Atmungswege bei vernarbenden und proliferierenden Gewebefragmenten der Kartoffelknolle

Abstract

The typical wound respiration drift (O₂ und CO₂) of 1 mm disks, which amounts to 6 times the values measured immediately after derepression, develops only if cicatrization takes place, but never in proliferating or non-proliferating tissues without suberin biosynthesis. The respiration rate of the latter is merely approximately doubled during the first 8 hours and maintains a steady state level continuously for 6 days. The respiratory drift is not affected by methods of tissue preparation and CO₂-concentration per se but only depends on the induction or inhibition of suberin synthesis. Cyanide inhibition experiments evidently indicate an electron transfer mechanism by suberizing cells during the first 48 hours which is linked to cytochrome oxidase activity to a considerable extent, whereas proliferating tissue respiration nearly quantitatively follows a different pathway of cyanide-resistant terminal oxidation. Malonate inhibition experiments show the total respiration of proliferating tissue to be resistant, which therefore is bound to the activity of a pathway different from the tricarboxylic acid cycle.

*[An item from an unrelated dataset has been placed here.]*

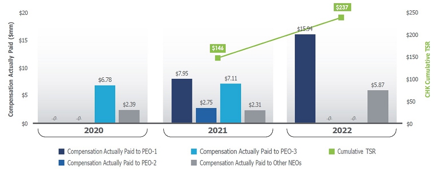 | 48 // CHESAPEAKE ENERGY CORPORATION Name and Principal Position Fiscal Year Salary ($) Bonus ($)(a) Stock Awards ($)(b) Option Awards ($) Non-Equity Incentive Plan Compensation ($)(c) All Other Compensation ($)(d) Total ($) Domenic J. (“Nick”) Dell’Osso, Jr. President and Chief Executive Officer 2022 800,000 – 6,434,727 – 970,000 23,213 8,227,940 2021 758,965 – 5,699,725 – 1,208,000 22,247 7,688,937 2020 750,376 – 300,000 – 2,922,273 23,040 3,995,689 Mohit Singh Executive Vice President and Chief Financial Officer 2022 525,000 – 2,806,674 – 509,250 291,706 4,132,630 2021 10,096 880,000 1,604,883 – – 23,591 2,518,570 Joshua J. Viets Executive Vice President and Chief Operating Officer 2022(e) 421,966 500,000 3,930,541 – 475,300 234,644 5,562,451 Benjamin E. Russ Executive Vice President – General Counsel and Corporate Secretary 2022 400,001 – 1,369,256 – 310,400 31,620 2,111,277 2021 348,472 – 1,382,439 – 483,200 20,693 2,234,804 Michael A. Wichterich Executive Chairman 2022 650,000 – 2,553,397 – – 15,857 3,219,254 2021 812,122 – 1,389,459 – – 2,554 2,204,135 (a) Reflects sign-on bonus paid to Messrs. Singh and Viets upon commencing employment with the Company in 2021 and 2022. This award was made to compen-sate for earned but unvested awards at their prior employer that were forfeited upon joining our team. (b) These amounts represent the aggregate grant date fair value of the stock awards granted, determined in accordance with FASB ASC Topic 718, excluding the effect of estimated forfeitures. The value ultimately realized by the executive upon the actual vesting of the awards may be more or less than the grant date fair value. For restricted stock units (RSUs), values are based on the closing price of the Company's common stock on the grant date. For performance share unit awards (PSUs), the Company utilized the Monte Carlo simulation to determine the grant date fair market value. The grant date fair value of the PSUs was deter-mined based on the PSUs awarded vesting at target, which is the performance the Company believed was probable on the grant date. The maximum opportunity of the 2022 PSUs for each NEO as of the grant date is as follows: Messrs. Dell'Osso $10,468,165, Singh $4,565,965, Viets $4,565,965, Russ $2,227,496 and Wichterich $4,153,886. Both RSUs and PSUs receive dividend equivalent rights to unvested stock that are earned at the time the underlying shares vest. The assumptions used by the Company in calculating the amounts related to stock awards granted are incorporated by reference to Note 13 of the consolidated financial statements included in the Company’s 2022 Annual Report on Form 10-K. (c) The 2022 amounts in this column represent annual incentive plan program awards earned with respect to the designated year and paid in the following year, as described under the caption “2022 Annual Incentive Program” beginning on page 38. (d) The table below provides additional information on the amounts reported in the All Other Compensation column of the Summary Compensation Table for 2022. (e) 2022 was Mr. Viets’ first year as an NEO and he was hired on February 1, 2022. The Compensation Committee has reviewed and discussed with management the Compensation Discussion and Analysis set forth above. Based on the review and discussion, the Compensation Committee recommended to the Board of Directors that the Compen-sation Discussion and Analysis be included in this Proxy Statement. MEMBERS OF THE COMPENSATION COMMITTEE Brian Steck (Chair) Timothy S. Duncan Benjamin C. Duster, IV Compensation Committee Report Summary Compensation Table for 2022 23-2075-2 C2.1 P50 |

Predominantly the action of the pentose-phosphate-shunt must be responsible for energy producing processes and metabolism which finally regulate cell proliferation as well as cell division. Malonate sensitive respiration, that is TCA-cycle activity, is developed only in periderm-forming tissue. Its volume is shown to be in congruence with the amount of “induced respiration” evolved after 8 hours and is responsible for the typical maximum curve. In contrast the resistant basal level is in congruence with the total respiration volume of proliferating disks. The results indicate a direct relationship between increased TCA-cycle activity and suberin synthesis rather than a relationship between TCA-cycle and cellular processes such as protein synthesis, cell division or elongation, as emphasized by other authors.